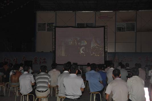 为使电影月活动顺利进行,集团义工大队的队员们在电影月活动前,就早早把所有影讯宣传单贴到各个工地,并于放影的每天晚上七点钟就把播放电影的设备、场地等一一准备好,以方便前来观看电影广大群众。
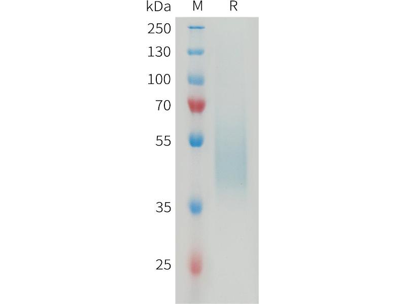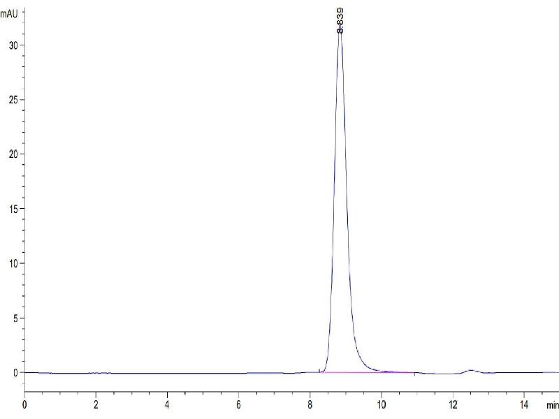 The purity of the protein is greater than 95 % as determined by SDS-PAGE and Coomassie blue staining.
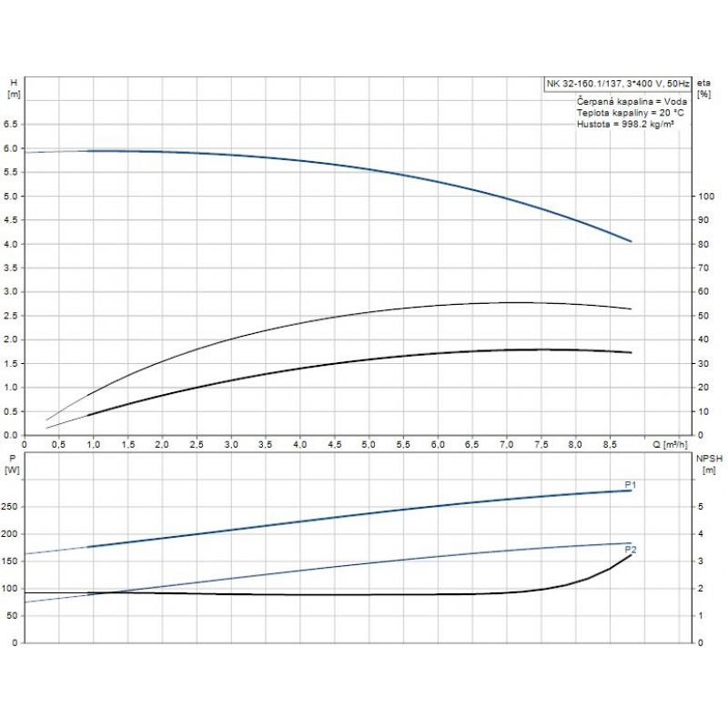 Údaje čerpadla pre dané otáčky: 1400 ot / min
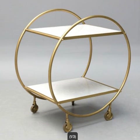 Barbord i marmor og messing. Hvid granit eller marmor bordplade. Underhylde og stel i massiv messing.
..............................
■ **What is expected**:
No pictures belong in the copy; quote exactly the lines from the line containing "The purity of" through the final line of the material, both ends included.

■ **The completed task**:
 The purity of the protein is greater than 95 % as determined by SDS-PAGE and Coomassie blue staining.
 Údaje čerpadla pre dané otáčky: 1400 ot / min
 Barbord i marmor og messing. Hvid granit eller marmor bordplade. Underhylde og stel i massiv messing.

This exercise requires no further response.